Download or read book Writing Anthropologists, Sounding Primitives written by A. Elisabeth Reichel and published by U of Nebraska Press. This book was released on 2021-08 with total page 462 pages. Available in PDF, EPUB and Kindle. Book excerpt: Writing Anthropologists, Sounding Primitives re-examines the poetry and scholarship of three of the foremost figures in the twentieth-century history of U.S.-American anthropology: Edward Sapir, Margaret Mead, and Ruth Benedict. While they are widely renowned for their contributions to Franz Boas’s early twentieth-century school of cultural relativism, what is far less known is their shared interest in probing the representational potential of different media and forms of writing. This dimension of their work is manifest in Sapir’s critical writing on music and literature and Mead’s groundbreaking work with photography and film. Sapir, Mead, and Benedict together also wrote more than one thousand poems, which in turn negotiate their own media status and rivalry with other forms of representation. A. Elisabeth Reichel presents the first sustained study of the published and unpublished poetry of Sapir, Mead, and Benedict, charting this largely unexplored body of work and relevant selections of the writers’ scholarship.
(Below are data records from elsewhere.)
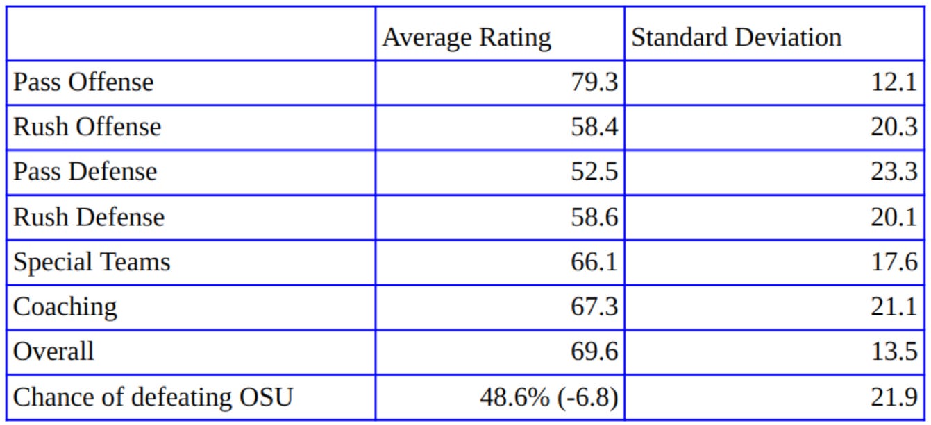 Like last week, we have a previously unthinkable situation in which pass offense earns the highest ratings by far while pass defense earns the lowest ratings of the week. The rush offense and defense earned near mirror ratings. Meanwhile coaching and overall earned their highest ratings of the losing streak. Our predictions of a win over Oregon State have dipped slightly since preseason, but that’s within the margin of error. It looks like we’re still expecting a toss-up in the house of horrors that is Reser Stadium.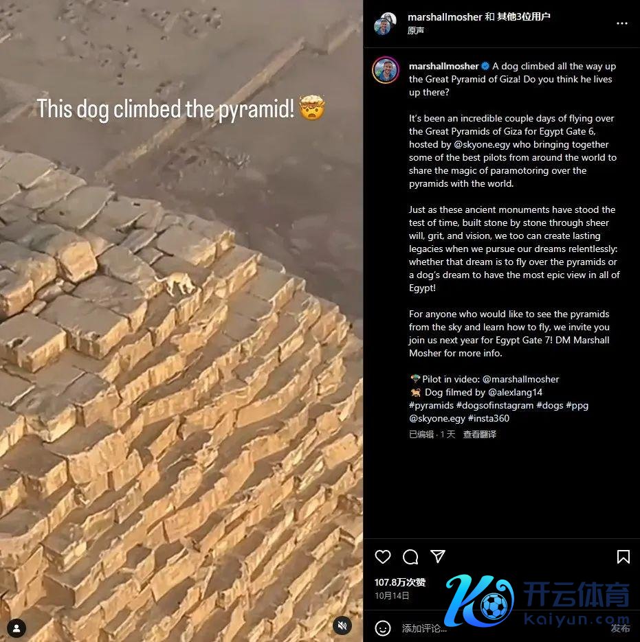 10月20号,一个叫“体验埃及”的账号也发了个视频,说拍到了狗狗从金字塔下来。经查询,这号是埃及旅游局的官号,应该照旧有一定实在度的。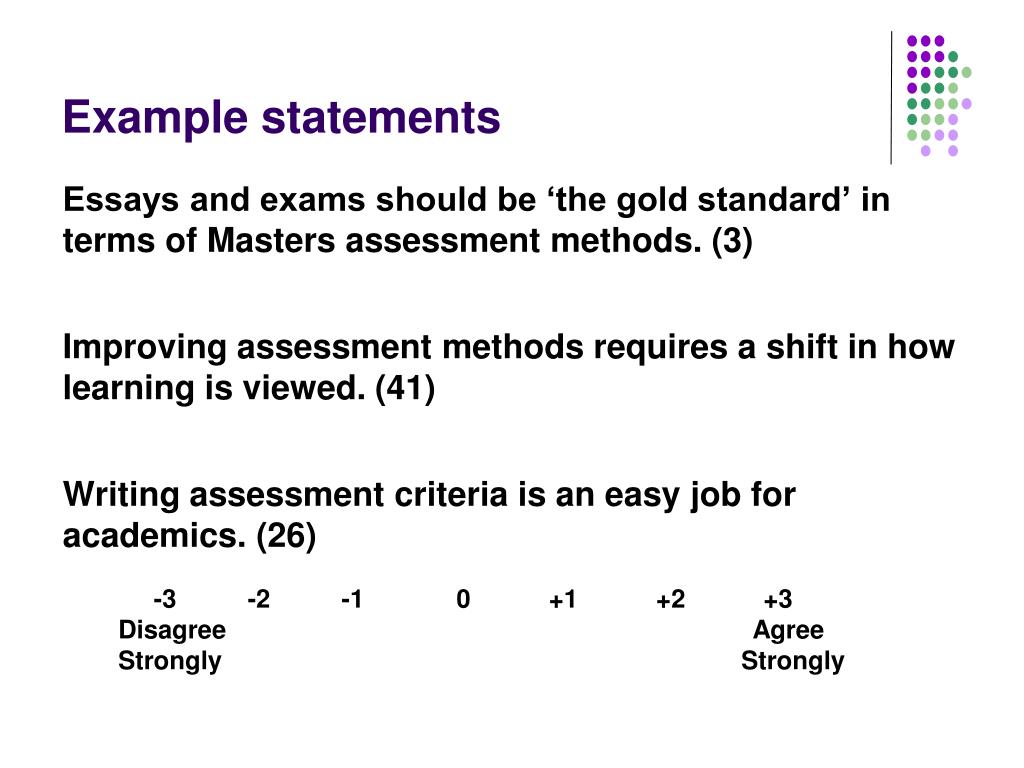 Example statements Essays and exams should be ‘the gold standard’ in terms of Masters assessment methods. (3) Improving assessment methods requires a shift in how learning is viewed. (41) Writing assessment criteria is an easy job for academics. (26) -3 -2 -1 0 +1 +2 +3 DisagreeAgree Strongly Strongly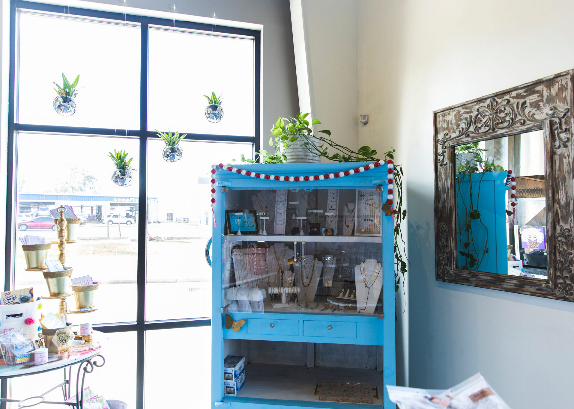 Displays in the entrance hold small gifts like bath bombs, candles, funny cards, Baton Rouge-made Drip Jewelry and small “designer girls” prints by local artist Melissa Troxell. Barhorst’s portraits musicians and singers from her “Icons & Idols” series and a large Champagne painting on the walls are all for sale, as well.
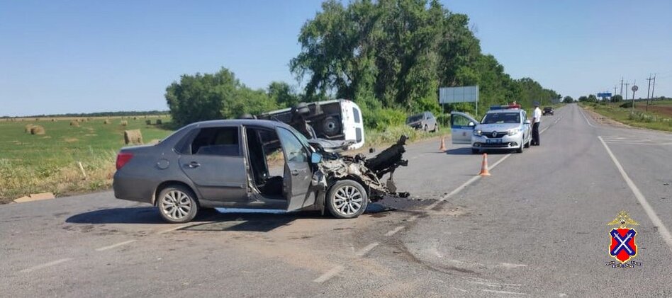 Ранним утром в Чернышковском районе Волгоградской области случилось страшное ДТП: Datsun on-DO врезалась в "Газель Бизнес". В результате от легковушки осталась целой только задняя половина, а фургон лёг набок.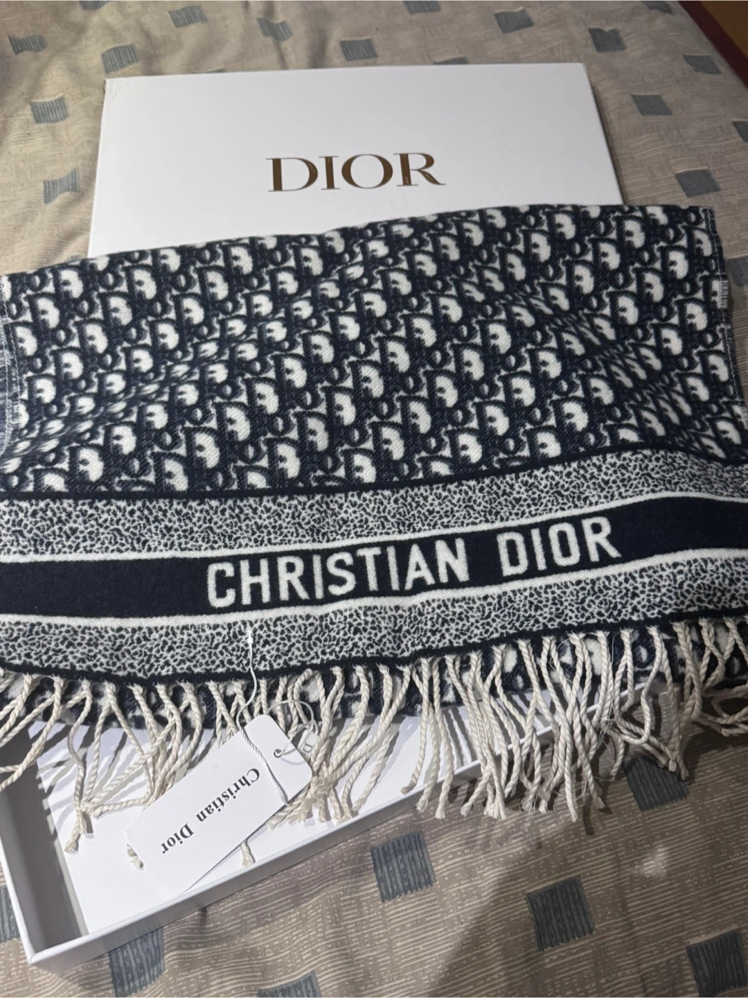 Selling a beautiful Dior Oblique scarf! It comes with the original box. The scarf features the iconic Dior Oblique pattern and has fringe detailing. It's in great condition and ready to add a touch of luxury to your wardrobe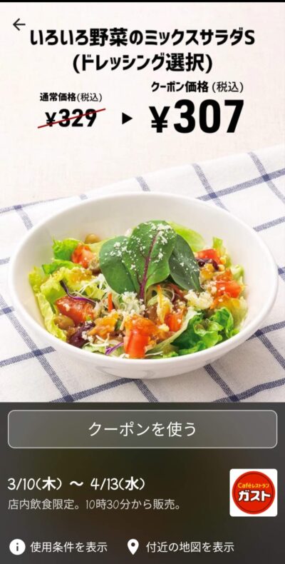 いろいろ野菜のミックスサラダS22円引き Published 2022年3月31日 at 400 × 790 in 【2024年2月最新】ガストの割引クーポンコード・番号まとめ情報 いろいろ野菜のミックスサラダS22円引き 広告 ← Previous Next →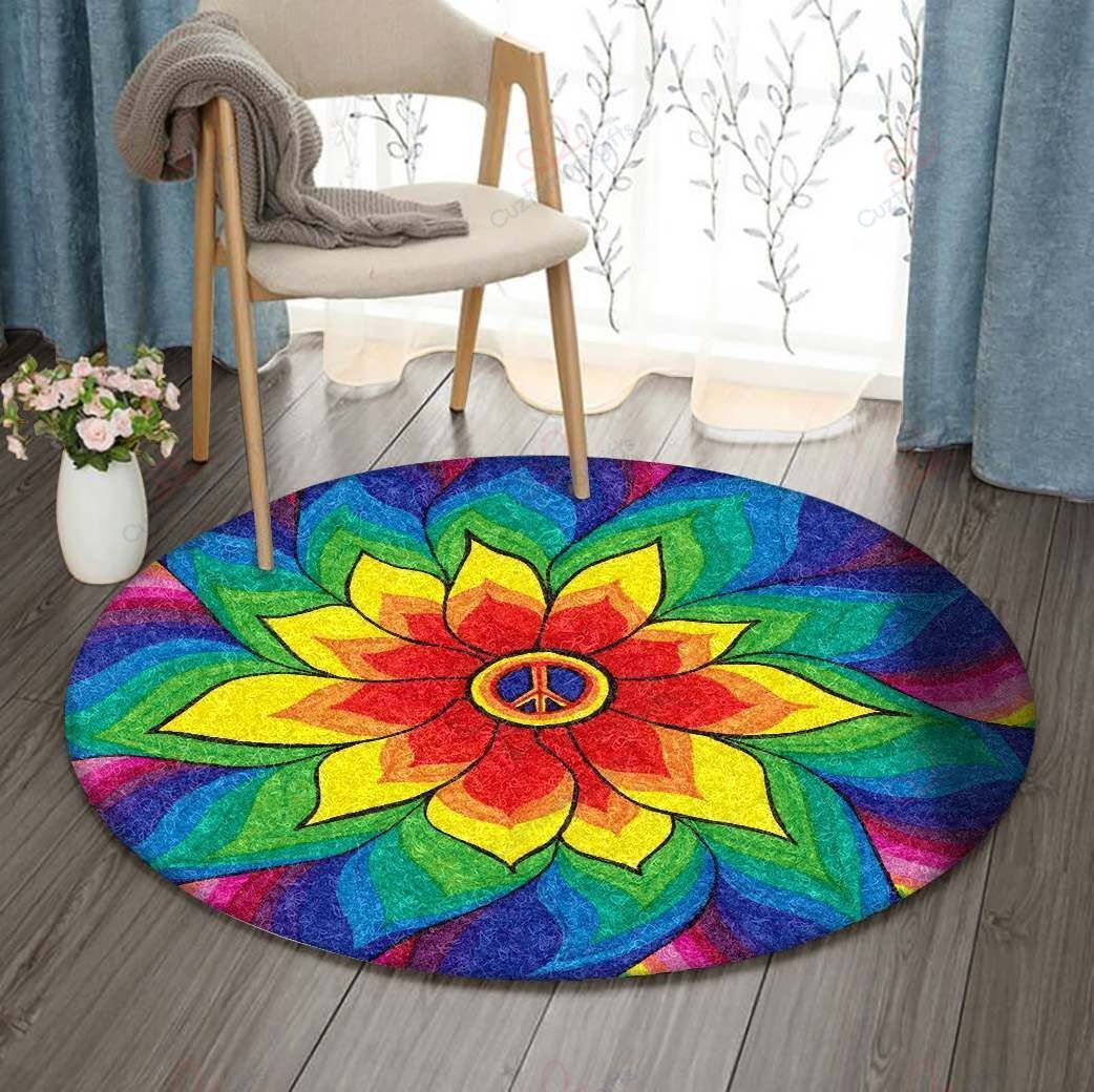Flower Peace Round Carpet Floor Rug Living Room Bedroom Decor Round Area Rug Carpet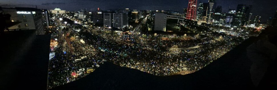 이날 국회 앞에는 주변인 국회의사당역과 여의도역을 일부 열차가 무정차 통과할 정도로 압도적인 인파가 몰렸지만, 큰 충돌은 빚어지지 않았다. “탄핵” 탄핵”을 외치는 시민의 목소리만은 밤 늦은 시간까지 국회를 향해 울렸다. < 한겨레 김가윤 박고은 기자 >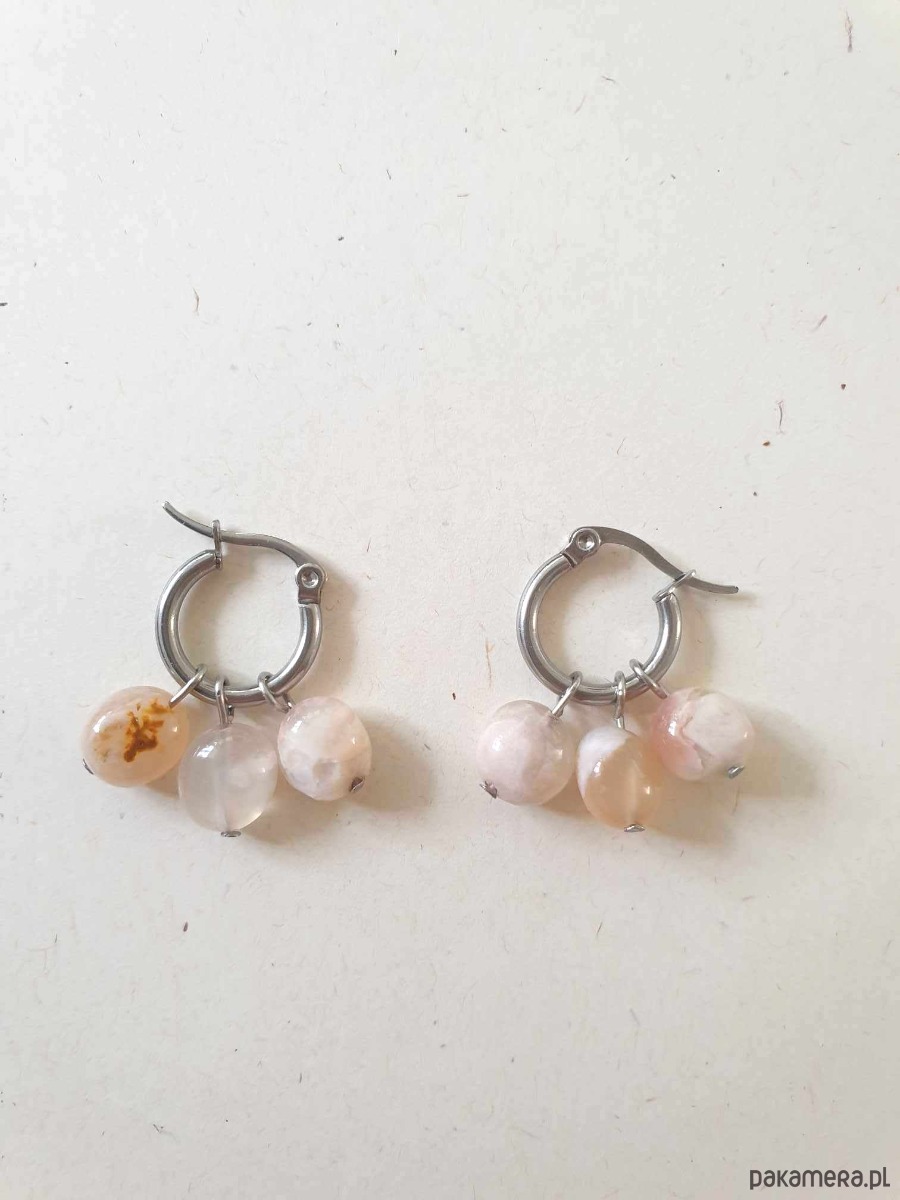 Wymiary: średnica kółka 15 mm, długość kolczyka z kamieniami ok 3 cm, wielkość kamyczków ok. 10 mm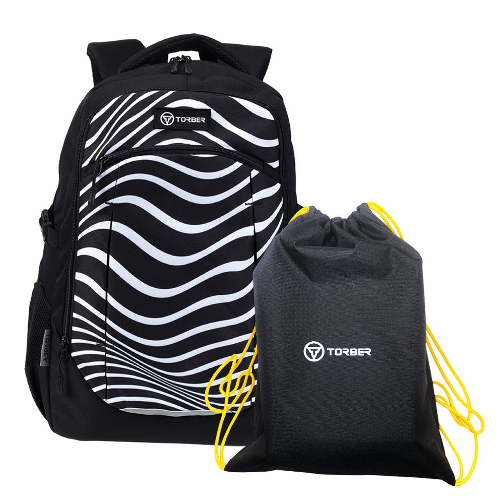 Рюкзак TORBER CLASS X, черный с принтом "Зебра", 46 x 32 x 18 см+ Мешок для сменной обуви в подарок!
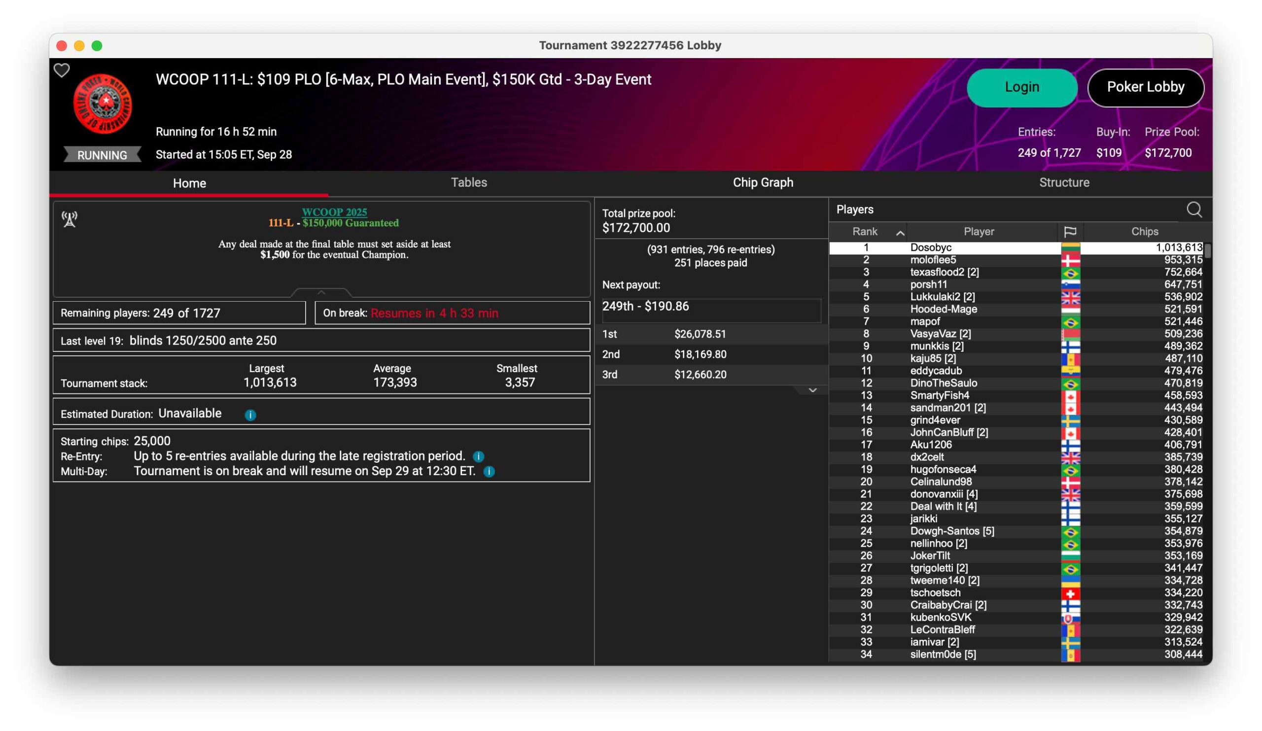 | Wed | 13:30 | WCOOP 122-M: $109 PLO, $40K Gtd |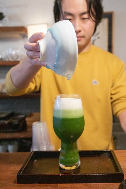 直接手涮抹茶。第二次來,自覺跟老闆熟了,要求錄影他也欣然同意,於是有了他現點現涮茶的影片。正格的,他涮茶的時候真是滿室生香。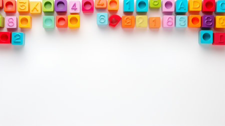 Colorful plastic bricks for kid, toddler, education and learning, toy shop, flat lay, copy space on white background.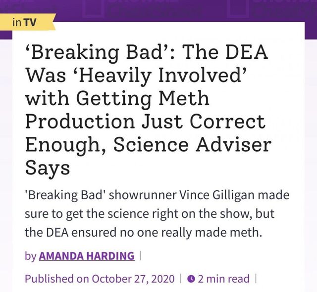 왜냐면 DEA(미국 마약단속국) 요원들이 월터 화이트와 제씨, 두 배우에게 제조법을 직접 가르쳤기 때문에…ㄷㄷ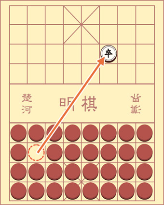 兵・卒・師・将・仕・士 ・相・象・イ車 ・車・イ馬・馬といった駒は、上下左右に1マスずつ動かせ、駒を取る時も、上下左右に1マス動いて、相手の駒を取ります。 |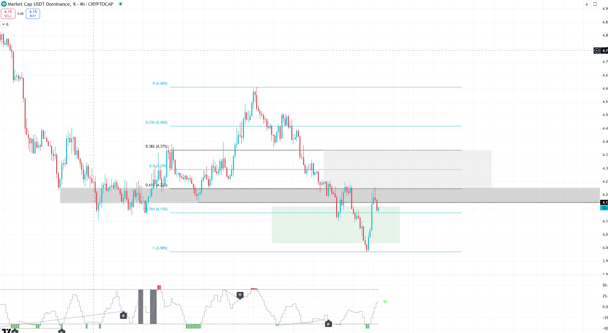 USDT市占率最终还是在4小时级别潜在反转区配合指标超卖走出反弹,目前反弹已经来到4小时级别结构阻力和这段下跌的0.618的关键水平位,短期来说有受阻回落的可能性,USDT市占率一般和大盘成反比关系,若回落出现则意味着大盘将有一段反弹即将出现。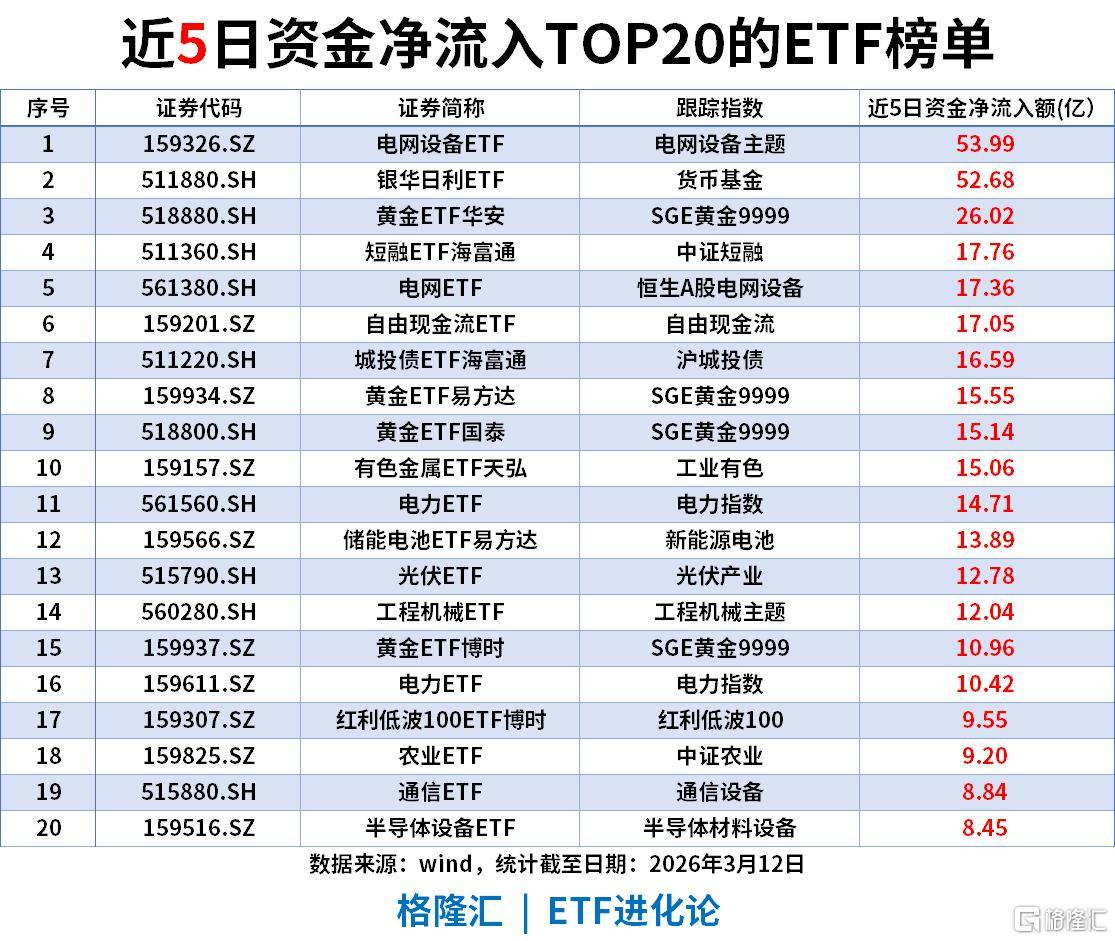 近5日ETF资金净流入TOP20(截至2026-03-12)

In addition to its expansion of early twentieth-century literary canons, Writing Anthropologists, Sounding Primitives contributes to current debates about the relations between different media, sign systems, and modes of sense perception in literature and other media. Reichel offers a unique contribution to the history of anthropology by synthesizing and applying insights from the history of writing, sound studies, and intermediality studies to poetry and scholarship produced by noted early twentieth-century U.S.-American cultural anthropologists.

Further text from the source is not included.